*Task brief:* From the data below, return each line in which the string "your" is found.
=== Begin Enclosure ===
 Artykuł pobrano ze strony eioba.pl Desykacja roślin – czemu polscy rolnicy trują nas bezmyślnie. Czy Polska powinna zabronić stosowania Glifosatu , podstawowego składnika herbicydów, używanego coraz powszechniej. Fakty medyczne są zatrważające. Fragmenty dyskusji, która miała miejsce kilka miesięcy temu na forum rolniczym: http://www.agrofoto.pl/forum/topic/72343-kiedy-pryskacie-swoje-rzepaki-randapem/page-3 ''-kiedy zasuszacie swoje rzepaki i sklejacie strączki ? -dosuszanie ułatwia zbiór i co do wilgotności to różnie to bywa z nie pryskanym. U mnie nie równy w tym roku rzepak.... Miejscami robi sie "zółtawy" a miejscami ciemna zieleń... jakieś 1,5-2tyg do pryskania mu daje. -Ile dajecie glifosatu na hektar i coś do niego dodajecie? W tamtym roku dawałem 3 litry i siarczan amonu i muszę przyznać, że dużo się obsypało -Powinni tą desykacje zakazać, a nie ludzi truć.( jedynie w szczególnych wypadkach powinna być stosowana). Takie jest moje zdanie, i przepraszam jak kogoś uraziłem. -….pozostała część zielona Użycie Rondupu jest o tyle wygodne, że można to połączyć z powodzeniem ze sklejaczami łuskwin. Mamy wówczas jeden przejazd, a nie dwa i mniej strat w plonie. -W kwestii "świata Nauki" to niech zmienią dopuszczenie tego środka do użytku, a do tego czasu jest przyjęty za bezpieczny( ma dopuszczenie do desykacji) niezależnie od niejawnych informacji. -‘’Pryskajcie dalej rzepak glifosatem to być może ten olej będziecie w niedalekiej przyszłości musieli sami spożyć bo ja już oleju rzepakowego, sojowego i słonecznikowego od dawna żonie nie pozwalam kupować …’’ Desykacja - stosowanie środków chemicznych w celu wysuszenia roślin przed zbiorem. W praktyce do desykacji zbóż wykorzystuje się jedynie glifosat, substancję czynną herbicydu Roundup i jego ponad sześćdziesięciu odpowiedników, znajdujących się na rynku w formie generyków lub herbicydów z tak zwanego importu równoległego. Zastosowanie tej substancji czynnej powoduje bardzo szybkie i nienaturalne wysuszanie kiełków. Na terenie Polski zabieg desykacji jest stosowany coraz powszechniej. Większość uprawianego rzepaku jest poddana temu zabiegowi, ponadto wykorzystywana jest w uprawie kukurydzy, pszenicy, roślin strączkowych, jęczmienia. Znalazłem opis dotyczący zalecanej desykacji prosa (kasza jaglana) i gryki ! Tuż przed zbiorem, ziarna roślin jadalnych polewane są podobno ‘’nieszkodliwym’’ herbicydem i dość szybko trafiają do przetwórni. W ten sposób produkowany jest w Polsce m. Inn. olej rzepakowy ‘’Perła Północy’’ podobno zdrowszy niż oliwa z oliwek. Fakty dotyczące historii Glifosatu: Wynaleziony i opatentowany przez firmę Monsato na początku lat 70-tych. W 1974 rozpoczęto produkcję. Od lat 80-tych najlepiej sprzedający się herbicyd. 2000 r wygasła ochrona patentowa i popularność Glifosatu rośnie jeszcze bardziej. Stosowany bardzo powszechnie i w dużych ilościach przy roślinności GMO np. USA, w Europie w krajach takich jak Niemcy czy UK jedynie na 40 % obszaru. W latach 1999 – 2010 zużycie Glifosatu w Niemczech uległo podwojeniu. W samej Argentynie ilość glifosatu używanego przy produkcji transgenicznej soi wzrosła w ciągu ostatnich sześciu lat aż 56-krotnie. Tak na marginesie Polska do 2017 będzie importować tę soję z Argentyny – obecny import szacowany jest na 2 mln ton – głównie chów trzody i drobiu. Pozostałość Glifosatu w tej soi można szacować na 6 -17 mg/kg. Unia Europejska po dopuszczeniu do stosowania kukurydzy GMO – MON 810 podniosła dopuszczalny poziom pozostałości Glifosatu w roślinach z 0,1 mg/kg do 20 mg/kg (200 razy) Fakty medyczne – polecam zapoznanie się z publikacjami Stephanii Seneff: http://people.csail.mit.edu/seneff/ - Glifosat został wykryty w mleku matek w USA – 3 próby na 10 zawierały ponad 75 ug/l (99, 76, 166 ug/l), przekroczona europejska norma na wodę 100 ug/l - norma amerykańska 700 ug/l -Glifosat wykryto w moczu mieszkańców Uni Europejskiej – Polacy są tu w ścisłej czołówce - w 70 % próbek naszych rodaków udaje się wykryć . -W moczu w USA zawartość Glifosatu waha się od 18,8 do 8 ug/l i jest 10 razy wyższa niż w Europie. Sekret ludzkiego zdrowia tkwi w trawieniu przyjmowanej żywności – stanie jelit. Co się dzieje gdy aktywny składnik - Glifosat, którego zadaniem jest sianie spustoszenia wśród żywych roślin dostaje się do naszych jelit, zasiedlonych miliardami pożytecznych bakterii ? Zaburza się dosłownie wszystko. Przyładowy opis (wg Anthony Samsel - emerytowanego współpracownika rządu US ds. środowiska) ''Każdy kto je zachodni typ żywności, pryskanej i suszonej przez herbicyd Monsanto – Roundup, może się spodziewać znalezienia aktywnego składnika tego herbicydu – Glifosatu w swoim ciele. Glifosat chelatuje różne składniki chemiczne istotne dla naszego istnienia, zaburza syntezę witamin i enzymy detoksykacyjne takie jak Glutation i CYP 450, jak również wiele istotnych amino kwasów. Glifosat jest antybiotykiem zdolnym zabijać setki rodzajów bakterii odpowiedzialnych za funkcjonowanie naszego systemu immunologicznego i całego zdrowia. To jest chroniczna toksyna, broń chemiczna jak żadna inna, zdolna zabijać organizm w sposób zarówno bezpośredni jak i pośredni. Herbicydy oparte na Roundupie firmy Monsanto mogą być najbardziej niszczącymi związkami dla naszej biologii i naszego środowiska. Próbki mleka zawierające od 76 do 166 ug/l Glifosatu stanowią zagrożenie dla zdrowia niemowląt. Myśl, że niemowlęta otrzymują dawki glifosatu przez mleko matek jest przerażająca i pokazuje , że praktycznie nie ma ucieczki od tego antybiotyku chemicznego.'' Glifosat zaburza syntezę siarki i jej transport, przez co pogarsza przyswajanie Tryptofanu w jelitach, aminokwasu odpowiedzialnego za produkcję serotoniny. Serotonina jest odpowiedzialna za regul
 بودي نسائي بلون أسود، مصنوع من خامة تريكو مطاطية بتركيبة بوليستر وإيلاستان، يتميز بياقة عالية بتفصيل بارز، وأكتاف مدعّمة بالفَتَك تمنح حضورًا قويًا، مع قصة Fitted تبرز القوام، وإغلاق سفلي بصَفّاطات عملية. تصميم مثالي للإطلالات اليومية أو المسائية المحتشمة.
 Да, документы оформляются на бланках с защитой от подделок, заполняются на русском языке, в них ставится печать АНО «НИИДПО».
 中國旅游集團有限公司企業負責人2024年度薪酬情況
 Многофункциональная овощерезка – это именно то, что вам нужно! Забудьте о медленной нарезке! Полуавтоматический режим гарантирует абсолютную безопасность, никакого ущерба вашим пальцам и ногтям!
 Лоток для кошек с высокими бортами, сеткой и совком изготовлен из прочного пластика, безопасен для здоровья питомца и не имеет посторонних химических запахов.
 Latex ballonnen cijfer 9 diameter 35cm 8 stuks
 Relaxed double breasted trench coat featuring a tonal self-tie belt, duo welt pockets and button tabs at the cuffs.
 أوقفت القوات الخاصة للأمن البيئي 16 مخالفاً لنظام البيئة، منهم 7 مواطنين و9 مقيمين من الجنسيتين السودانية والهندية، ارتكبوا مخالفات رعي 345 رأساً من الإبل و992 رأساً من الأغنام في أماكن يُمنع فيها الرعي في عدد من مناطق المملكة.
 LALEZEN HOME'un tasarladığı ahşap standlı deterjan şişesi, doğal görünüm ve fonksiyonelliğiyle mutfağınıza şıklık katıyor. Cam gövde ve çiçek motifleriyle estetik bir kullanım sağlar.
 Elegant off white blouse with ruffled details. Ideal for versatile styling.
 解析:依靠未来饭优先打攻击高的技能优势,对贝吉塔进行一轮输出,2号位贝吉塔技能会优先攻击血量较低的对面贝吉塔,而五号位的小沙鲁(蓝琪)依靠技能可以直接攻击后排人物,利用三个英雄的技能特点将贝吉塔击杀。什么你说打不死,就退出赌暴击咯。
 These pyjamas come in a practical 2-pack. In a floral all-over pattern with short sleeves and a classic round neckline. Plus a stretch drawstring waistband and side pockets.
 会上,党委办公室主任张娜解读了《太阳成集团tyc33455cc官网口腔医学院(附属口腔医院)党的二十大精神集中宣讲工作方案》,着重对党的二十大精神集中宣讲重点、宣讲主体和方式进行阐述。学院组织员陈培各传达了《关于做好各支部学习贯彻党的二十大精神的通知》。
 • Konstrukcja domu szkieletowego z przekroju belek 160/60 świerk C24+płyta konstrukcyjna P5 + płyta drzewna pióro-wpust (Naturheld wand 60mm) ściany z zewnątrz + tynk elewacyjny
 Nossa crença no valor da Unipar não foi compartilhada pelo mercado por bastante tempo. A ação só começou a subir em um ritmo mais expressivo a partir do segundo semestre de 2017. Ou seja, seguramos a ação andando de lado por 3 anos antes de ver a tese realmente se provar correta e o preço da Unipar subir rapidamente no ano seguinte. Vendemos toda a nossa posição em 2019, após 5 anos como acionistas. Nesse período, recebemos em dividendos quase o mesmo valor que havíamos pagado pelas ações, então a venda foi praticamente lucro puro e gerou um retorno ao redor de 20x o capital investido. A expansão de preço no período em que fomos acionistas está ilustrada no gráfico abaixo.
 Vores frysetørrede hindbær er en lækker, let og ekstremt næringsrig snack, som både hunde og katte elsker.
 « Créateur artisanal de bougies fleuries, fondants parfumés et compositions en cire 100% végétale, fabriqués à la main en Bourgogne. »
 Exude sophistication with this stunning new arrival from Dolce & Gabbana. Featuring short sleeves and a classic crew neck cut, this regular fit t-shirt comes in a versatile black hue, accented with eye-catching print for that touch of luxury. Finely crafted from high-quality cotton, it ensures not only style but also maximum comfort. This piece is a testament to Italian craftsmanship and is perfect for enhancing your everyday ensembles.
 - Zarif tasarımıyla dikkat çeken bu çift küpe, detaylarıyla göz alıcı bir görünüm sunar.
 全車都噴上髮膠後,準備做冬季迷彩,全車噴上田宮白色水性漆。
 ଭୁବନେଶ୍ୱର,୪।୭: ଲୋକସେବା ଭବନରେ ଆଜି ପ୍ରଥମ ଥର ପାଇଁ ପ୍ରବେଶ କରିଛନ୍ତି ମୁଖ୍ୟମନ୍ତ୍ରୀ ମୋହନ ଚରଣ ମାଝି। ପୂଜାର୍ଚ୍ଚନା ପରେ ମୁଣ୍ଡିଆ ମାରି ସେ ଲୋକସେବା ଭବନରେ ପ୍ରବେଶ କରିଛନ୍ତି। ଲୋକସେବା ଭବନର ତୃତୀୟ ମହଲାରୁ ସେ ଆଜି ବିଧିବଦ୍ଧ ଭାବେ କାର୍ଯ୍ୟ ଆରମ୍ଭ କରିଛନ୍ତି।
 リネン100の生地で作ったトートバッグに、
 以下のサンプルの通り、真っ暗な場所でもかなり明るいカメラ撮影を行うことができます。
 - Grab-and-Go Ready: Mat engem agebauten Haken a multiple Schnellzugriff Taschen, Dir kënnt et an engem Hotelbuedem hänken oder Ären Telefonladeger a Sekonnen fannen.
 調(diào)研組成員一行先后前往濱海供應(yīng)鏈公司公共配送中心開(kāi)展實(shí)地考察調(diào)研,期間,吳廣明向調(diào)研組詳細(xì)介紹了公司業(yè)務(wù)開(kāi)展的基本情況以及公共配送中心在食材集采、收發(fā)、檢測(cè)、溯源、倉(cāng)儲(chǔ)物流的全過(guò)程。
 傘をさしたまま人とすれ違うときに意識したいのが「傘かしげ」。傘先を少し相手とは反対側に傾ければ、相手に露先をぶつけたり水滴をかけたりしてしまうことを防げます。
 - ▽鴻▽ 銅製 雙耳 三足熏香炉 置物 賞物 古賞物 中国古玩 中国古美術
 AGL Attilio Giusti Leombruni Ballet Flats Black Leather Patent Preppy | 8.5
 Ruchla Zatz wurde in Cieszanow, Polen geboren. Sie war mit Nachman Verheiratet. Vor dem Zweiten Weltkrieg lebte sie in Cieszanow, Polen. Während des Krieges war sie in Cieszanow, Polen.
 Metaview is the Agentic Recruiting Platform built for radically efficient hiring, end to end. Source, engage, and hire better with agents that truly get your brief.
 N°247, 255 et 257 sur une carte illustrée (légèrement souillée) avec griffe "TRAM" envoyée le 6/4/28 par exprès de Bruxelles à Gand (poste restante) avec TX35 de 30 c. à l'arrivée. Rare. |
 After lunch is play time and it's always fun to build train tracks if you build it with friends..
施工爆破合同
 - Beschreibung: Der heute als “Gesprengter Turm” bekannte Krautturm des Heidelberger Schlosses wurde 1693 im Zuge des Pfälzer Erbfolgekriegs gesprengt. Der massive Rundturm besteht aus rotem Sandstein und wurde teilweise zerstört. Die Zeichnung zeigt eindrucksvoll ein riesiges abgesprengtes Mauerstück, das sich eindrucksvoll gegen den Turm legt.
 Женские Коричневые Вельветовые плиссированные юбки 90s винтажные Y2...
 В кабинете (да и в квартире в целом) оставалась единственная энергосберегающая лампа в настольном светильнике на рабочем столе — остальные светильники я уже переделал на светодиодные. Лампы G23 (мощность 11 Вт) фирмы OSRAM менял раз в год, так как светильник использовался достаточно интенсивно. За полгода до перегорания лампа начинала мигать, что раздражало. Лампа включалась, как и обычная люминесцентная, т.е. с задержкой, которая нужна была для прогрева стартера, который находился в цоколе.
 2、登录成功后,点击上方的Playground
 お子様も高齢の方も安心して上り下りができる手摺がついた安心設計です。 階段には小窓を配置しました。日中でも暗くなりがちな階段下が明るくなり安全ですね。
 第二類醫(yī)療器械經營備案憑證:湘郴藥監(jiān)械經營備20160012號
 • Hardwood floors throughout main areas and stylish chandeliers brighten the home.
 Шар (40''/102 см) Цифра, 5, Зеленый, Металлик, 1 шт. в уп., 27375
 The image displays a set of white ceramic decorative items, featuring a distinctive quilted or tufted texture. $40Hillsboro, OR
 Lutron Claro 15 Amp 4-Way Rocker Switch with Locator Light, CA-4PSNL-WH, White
=== End Enclosure ===
*Output:*
 Exude sophistication with this stunning new arrival from Dolce & Gabbana. Featuring short sleeves and a classic crew neck cut, this regular fit t-shirt comes in a versatile black hue, accented with eye-catching print for that touch of luxury. Finely crafted from high-quality cotton, it ensures not only style but also maximum comfort. This piece is a testament to Italian craftsmanship and is perfect for enhancing your everyday ensembles.
 Metaview is the Agentic Recruiting Platform built for radically efficient hiring, end to end. Source, engage, and hire better with agents that truly get your brief.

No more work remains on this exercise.